= Formula Mondial =

International motor racing category

Formula Mondial was an international motor racing category which was introduced to replace both Formula Atlantic and the similar Formula Pacific in 1983.

The regulations specified a single-seat, open-wheeled chassis with a flat bottom, thus excluding any ground effects designs. Engines had to be 1.6-litre four-cylinder units sourced from a production touring car although only the Ford Cosworth BDA engine was actually homologated for the category.

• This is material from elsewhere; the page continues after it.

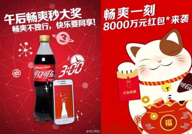 2014年可口可乐与易迅网的合作中,不仅赠送可口可乐产品,还有易迅网现金券和三星定制智能手机;同样,2015年也带有滴滴打车红包、微信红包等礼物。而今年,则有更多突破。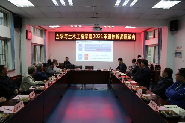 马占国经理向退休教师们汇报了近年来学院在人才培养、团队队伍建设、教学科研、研究生教育等方面的工作成绩,并重点介绍了学院在团队建设方面的规划和工作进展情况。他表示,近年来学院围绕学校、学院发展目标,在学科提档升级发展、“十四五”规划制定实施、深入落实党团建设任务等方面投入大量精力,取得了许多可喜的成绩。站在新起点,学院将继续在服务国家及行业战略需求和区域经济社会高质量发展的过程中,践行力学与土木人的责任担当。

The FIA World Cup Commission issued regulations for the staging of various zone competitions throughout the world with competitors intended to come together for a World Cup final. The Southern Pacific Zone series was staged in New Zealand and Australia in early 1983 and was won by Australian Charlie O’Brien and the Formula Mondial North American Cup series was won by American Michael Andretti. However the World Cup finals series, which was to have been contested over four races in Quebec, Canada in September 1983 was cancelled the month before it was due to be run.

Although embraced at a national level by Australia and New Zealand, Formula Mondial was not taken up as expected in the South East Asia region—where Formula Two was adopted—or by the United Kingdom, which favoured Formula Three. It was abandoned in the United States and Canada. and ceased to be an International Formula from the end of 1984. The category largely died out in Australia after 1986, with Australian Formula 2 taking over as the top open wheel series for two years until the advent of Formula Holden in 1989.